I have very recently switched to Puppy Linux 4.0 (Dingo) from Windows. After going through the net I found out that GNome and KDE can be installed on Puppy. I have installed Puppy on my USB drive and have also downloaded the KDE .SFS file which Puppy is configured to load at startup. But when I exit Puppy's JWM window manager and try to start KDE from the console, nothing happens and I return to the terminal again.
All it asks me to do is run "xorgwizard" to configure XOrg. The same problem persists for XVesa.
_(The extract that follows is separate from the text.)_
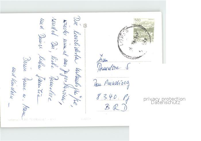 old postcard Lopar Auto Kamp Rajska Plaza Strandpartie Sandburg postalisch gelaufen Erhaltung siehe scans
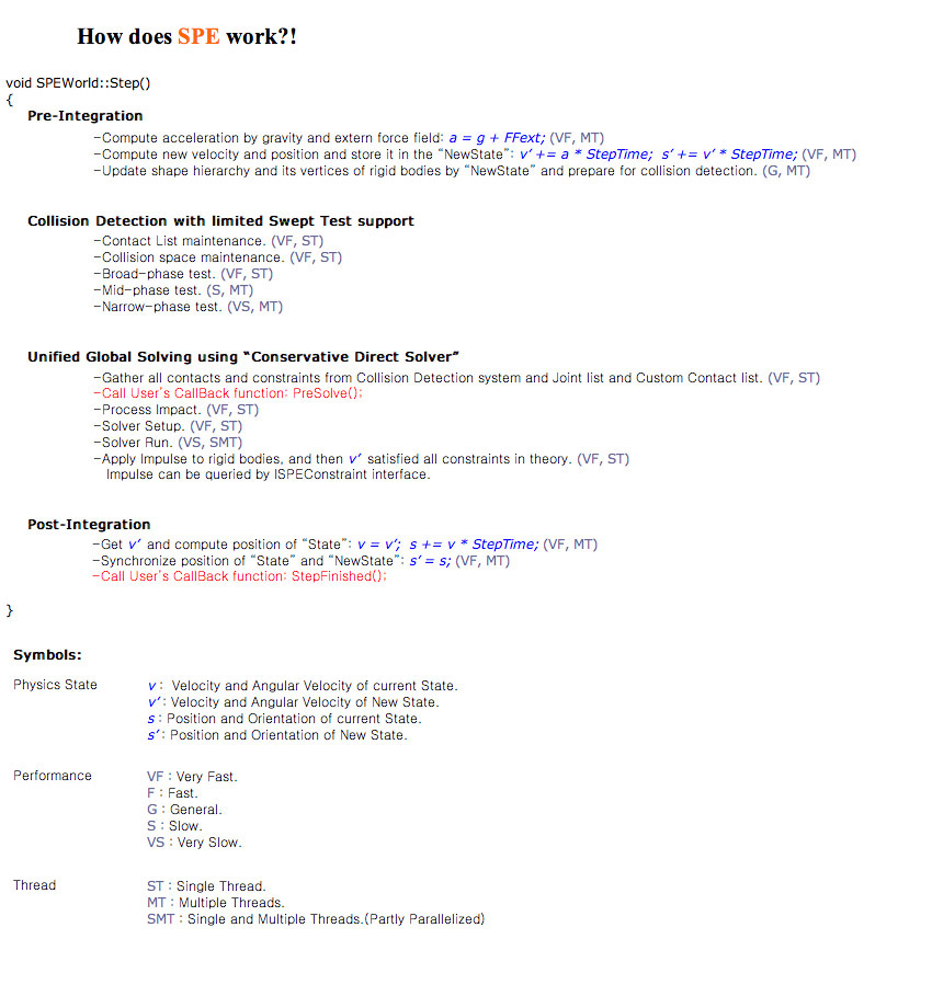Define some global variables.Ready for physics simulation.// Function to initialize a shape from D3DXMeshvoid InitShape(ISPEShape* pShape, ID3DXMesh* pMesh) { BYTE *pVB; void *pIB; pMesh->LockVertexBuffer(D3DLOCK_NOSYSLOCK, (void**)&pVB); pMesh->LockIndexBuffer (D3DLOCK_NOSYSLOCK, (void**)&pIB); if(pMesh->GetOptions() & D3DXMESH_32BIT) // 32BIT index { pShape->Initialize (pVB, pMesh->GetNumBytesPerVertex (), (int*)pIB, pMesh->GetNumFaces ()); } else // 16BIT index { pShape->Initialize (pVB, pMesh->GetNumBytesPerVertex (), (WORD*)pIB, pMesh->GetNumFaces ()); } pMesh->UnlockVertexBuffer (); pMesh->UnlockIndexBuffer (); } void InitApp() { D3DXLoadMeshFromX ("box.x", &pBoxMesh); // load a model from x file pWorld = CreateSPEWorld(); // create a instance of physics world pWorld->SetGravity (SPEVector(0, -9.8f, 0)); // set the gravity LPSPESHAPE pShape = pWorld->CreateShape(); // create a shape instance InitShape(pShape, pBoxMesh); // initialize the shape pBody = pWorld->AddRigidBody (pShape); // add a rigid body to SPEWorld with this shape pBody->SetPosition (SPEVector(0.0f, 2.0f, 0.0f)); // set position of rigid body pBody->SetVelocity (SPEVector(0.0f, 0.0f, -5.0f)); // set velocity pBody->SetAngularVelocity (SPEVector(0.0f, 25.0f, 0.0f)); pWorld->ReleaseShape(pShape); // release the shape // another way to add a rigid body is to use "Shape" which is a member of pWorld, it had // been created when the pWorld was created. e.g. // InitShape(pWorld->Shape, pBoxMesh); // pBody = pWorld->AddRigidBody (); // you needn't pass any parameter if you want to add a rigid body by "Shape" , and needn't release it // it can be Re-Initialize too.} Update the physics world. void CALLBACK OnFrameMove(float fElapsedTime ) { pWorld->Update(fElapsedTime); }

Can someone please help...


----------



## psnegi26136 (Apr 16, 2009)

Me too wanted the same but could not find anything. But the good news is that v4.2 is released. I am using it and enjoying every bit of it. It has IceWM as well as JWM desktop. so you can choose your pick. I must say that I like IceWM more than JWM. The look is as that of any XP theme, When you right click on task bar, you get the same options as in Win XP. The vista inspired side bar is also there, which if you dont like then you can choose unofficial Puppy 4.2 v2. JWM is default desktop. If you want to change over to IceWm then click shutdown option and in that choose advance. You will find the option to change to IceWm there. I too am searching for KDE on 4.2, if I find anything, I will post here. You can search on puppy forum also.
*www.murga-linux.com/puppy/
Hope you will find many good things there.


----------



## MetalheadGautham (Apr 17, 2009)

Puppy is not meant to be used with heavy weight DEs. Its designed for old or weak hardware and for booting live. Why don't you try Xfce 4.6 or LXDE or IceWM instead ?


----------



## FilledVoid (Apr 17, 2009)

Don't be silly. Although its been designed in such a way that low end machines can use it doesn;t mean you can't try out Gnome and KDE on it


----------



## MetalheadGautham (Apr 17, 2009)

Ofcourse it doesn't mean that. I said these DEs/WMs suit it much better.


----------



## FilledVoid (Apr 17, 2009)

And btw I did a check on Puppy Linux IRC channel and no the KDE 4.2 packages haven;t been compiled for it and as I recall one of the mods saying that trying gave a couple million seg faults and other errors.


----------



## psnegi26136 (May 1, 2009)

If you want KDE for its applications, then at least .pet or .sfs are available for KB3. Someone is trying for amarok and few other applications too. But after playing through many pet and sfs I found that most of the application included in Puppy 4.2 are top notch and does not require any substitute. May be you would like to add Open Office, Avast AV and VLC players to it, or if you are a big fan like me then Opera. But rest is fantastic as it is.


----------